Oddly enough, even though Pattinson enjoys reading, he has never felt inclined to crack the pages of Bram Stoker’s Dracula, the book that started it all.

And he’s also not much into watching vampire movies.

“I’m not really particularly a fan of anything. I was never like a vampire fan, definitely. I liked the original Nosferatu. I always thought that was an interesting movie. I like the way it was shot. The actor’s name was Max Schreck. I like his performance in it a lot.


“In Interview With A Vampire, I always thought Christian Slater’s was the best part (Slater plays the interviewer, a human). I’m not really a horror fan, either. I don’t have any specific genre of which I could say that I’m a fan.”

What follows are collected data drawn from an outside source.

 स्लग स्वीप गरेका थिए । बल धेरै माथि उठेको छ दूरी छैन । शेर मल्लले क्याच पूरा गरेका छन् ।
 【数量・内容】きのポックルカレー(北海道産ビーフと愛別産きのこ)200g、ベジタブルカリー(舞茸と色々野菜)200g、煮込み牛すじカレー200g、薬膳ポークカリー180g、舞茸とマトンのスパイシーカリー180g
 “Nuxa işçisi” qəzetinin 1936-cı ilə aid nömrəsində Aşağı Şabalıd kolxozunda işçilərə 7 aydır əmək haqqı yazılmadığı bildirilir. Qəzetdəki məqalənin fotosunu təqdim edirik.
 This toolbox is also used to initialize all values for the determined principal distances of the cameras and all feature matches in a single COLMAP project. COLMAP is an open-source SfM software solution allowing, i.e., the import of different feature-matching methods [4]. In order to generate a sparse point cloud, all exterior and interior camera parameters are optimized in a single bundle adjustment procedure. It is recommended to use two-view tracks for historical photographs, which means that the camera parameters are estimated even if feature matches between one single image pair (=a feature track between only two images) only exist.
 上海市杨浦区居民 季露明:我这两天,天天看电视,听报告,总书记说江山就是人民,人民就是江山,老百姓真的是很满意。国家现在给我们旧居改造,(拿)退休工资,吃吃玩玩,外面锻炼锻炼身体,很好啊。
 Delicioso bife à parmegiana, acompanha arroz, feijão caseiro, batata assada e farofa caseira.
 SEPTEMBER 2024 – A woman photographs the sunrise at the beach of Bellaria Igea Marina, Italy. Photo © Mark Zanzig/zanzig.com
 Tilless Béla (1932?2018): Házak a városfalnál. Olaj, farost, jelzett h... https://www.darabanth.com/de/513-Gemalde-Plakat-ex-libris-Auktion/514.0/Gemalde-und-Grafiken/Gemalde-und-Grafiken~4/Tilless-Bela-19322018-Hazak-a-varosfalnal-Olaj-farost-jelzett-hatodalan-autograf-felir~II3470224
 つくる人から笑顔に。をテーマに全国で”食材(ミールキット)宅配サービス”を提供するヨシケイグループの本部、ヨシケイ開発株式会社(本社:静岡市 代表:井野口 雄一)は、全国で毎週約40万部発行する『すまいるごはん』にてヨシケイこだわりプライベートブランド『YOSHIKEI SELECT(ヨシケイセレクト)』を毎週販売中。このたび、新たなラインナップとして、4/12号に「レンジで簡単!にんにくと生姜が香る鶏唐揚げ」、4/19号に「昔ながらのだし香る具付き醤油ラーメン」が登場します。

Pattinson’s samurai Zen vampire philosophy has a bottom line: he’s determined not to be ruined by fame. He sounds completely serious when he says he is trying hard not to take his situation too seriously.


“I never set out to achieve any of this, so then I don’t connect to it. I don’t feel like, ‘See? See all this work I did?’

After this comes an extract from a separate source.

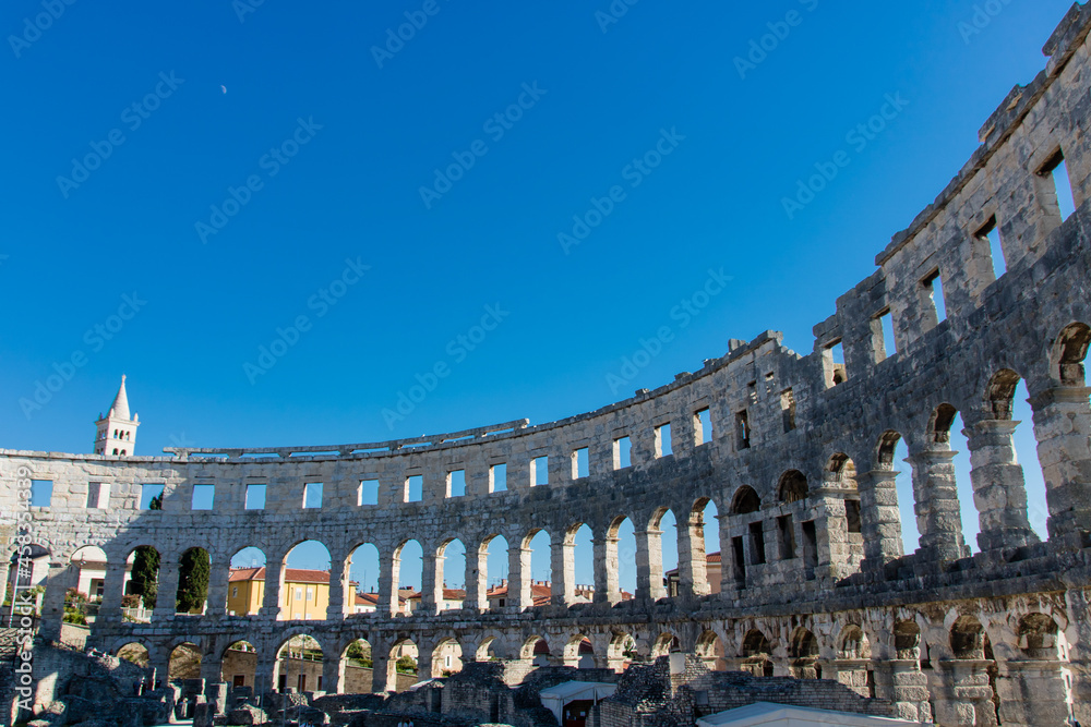 Romantic travel location, picturesque paved old narrow stone street in the Old Town of Rovinj, Croatia. Europe.

“It’s the character, so it’s all just a fluke. And really, all my life, it’s been a question of how to handle things afterwards. I don’t feel like I’m changing, and I don’t want to change, either.”



The Twilight Saga: New Moon opens in the UAE on November 26





PREVIOUS STAKEHOLDERS

The Twilight book and film franchises may be the most popular vampire romances, but they’re not the first bite at such dangerous love.

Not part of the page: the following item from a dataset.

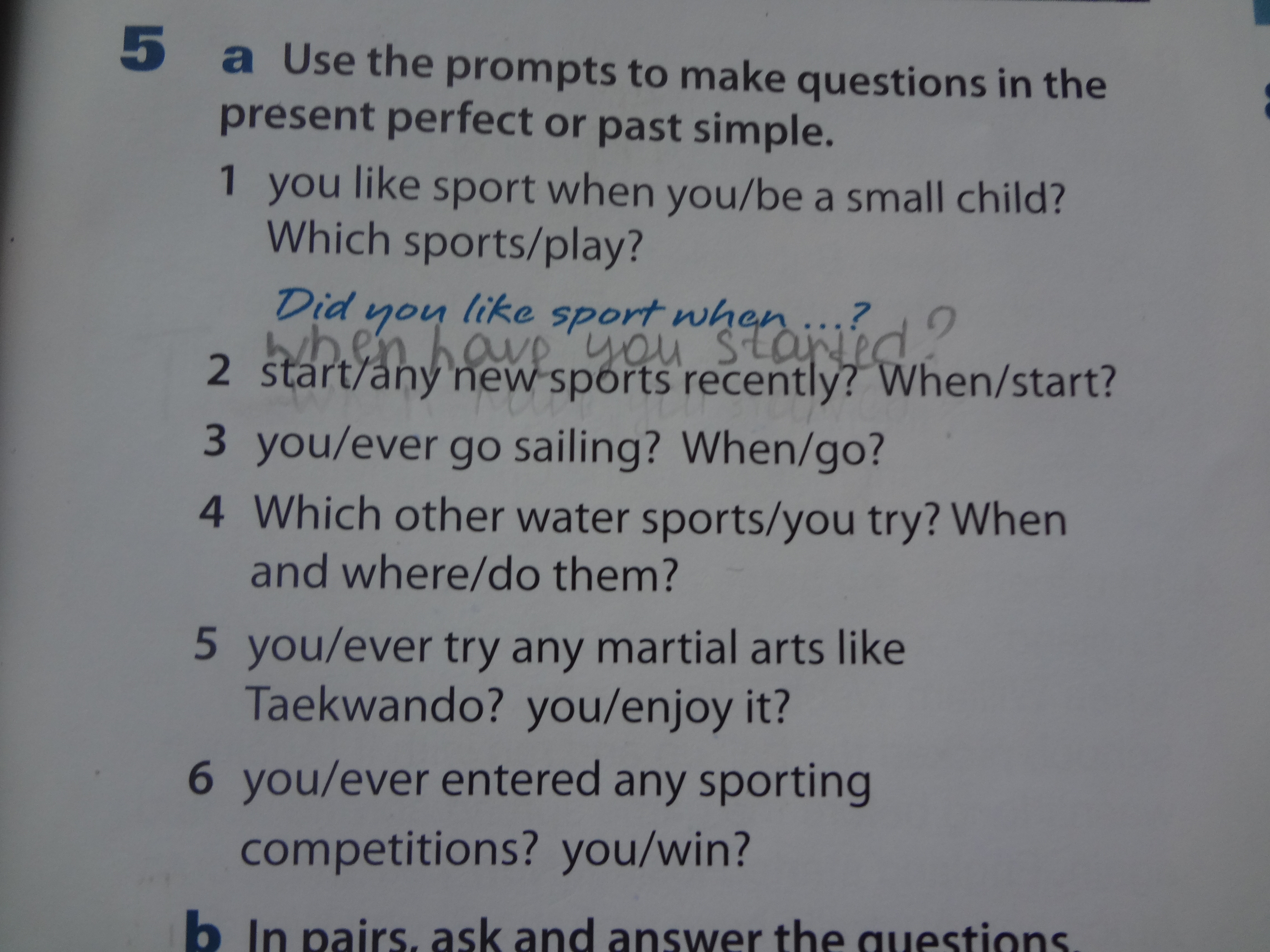 2 Have you started any sports recently? When have you started?

The deadly kiss has been a staple of vampire lore since Bram Stoker’s seminal gothic novel Dracula, published in 1897. The title ghoul, played most famously by Bela Lugosi in films, fancies himself a ladies man with a taste for crimson passion. Some other notable examples of vampire amour:


Vampire Academy

These best-selling fantasy/romance novels by the American author Richelle Mead first hit the shelves in 2007, with the fifth in the series scheduled for release next May. The heroine is 17-year-old Rose, a human/vampire hybrid who is training to be a bodyguard at St Vladimir’s Academy, hidden in the woods of Montana. She wants to keep the forces of evil away from her best friend, a magical princess vampire named Lissa, but love interferes when Rose falls for her instructor, Dimitri.


Bram Stoker's Dracula

Francis Ford Coppola’s 1992 gothic horror heightens the romantic aspects of Stoker’s novel. Highly sensual while also very bloody, it casts Winona Ryder in the dual roles of Elisabeta, the lost love for whom Count Dracula mourns, and Mina, the latter-day woman who seems like Elisabeta reborn. Dracula, played by Gary Oldman, will stop at nothing to get her back. Vampire hunter Van Helsing (Anthony Hopkins) has other ideas.


Blade

A 1998 film based on the groundbreaking Marvel Comics series featuring a black protagonist, a vampire avenger played by Wesley Snipes. He has the strength of a vampire but the conscience of a human, the result of his mother being attacked by a bloodsucker prior to his birth. Incredibly gory, the film has Blade falling for a human haematologist named Karen (N’Bushe Wright), whom he must battle to defend when she becomes the prey of the day.


Underworld

A lot like New Moon in its theme of vampires fighting werewolves, this 2003 kickoff to a franchise features the fetching Kate Beckinsale as Selene, a leather-clad hunter of Lycan (werewolf) rivals. Her mission is complicated when romance ensues between her and a Lycan named Michael (Scott Speedman). It’s a richly lensed film that’s gorgeous just to stare at, with a cool gadget in a gun that can fire bullets fashioned from daylight, which are lethal to vampires.


I Am Legend

Will Smith is the last man alive in this 2007 reimagining of the classic Richard Matheson novel of the same name. Smith is a lonely scientist in a post-Apocalypse New York who is trying to find a cure for a cancer vaccine that went catastrophically awry, turning humans into zombie/vampire hybrids. It’s an unconventional romance in three ways: there’s a fierce bond between a zombie/vampire couple; Smith’s character is totally devoted to his dog; and there’s more conventional attraction in the arrival of Alice Braga’s character, the last woman alive.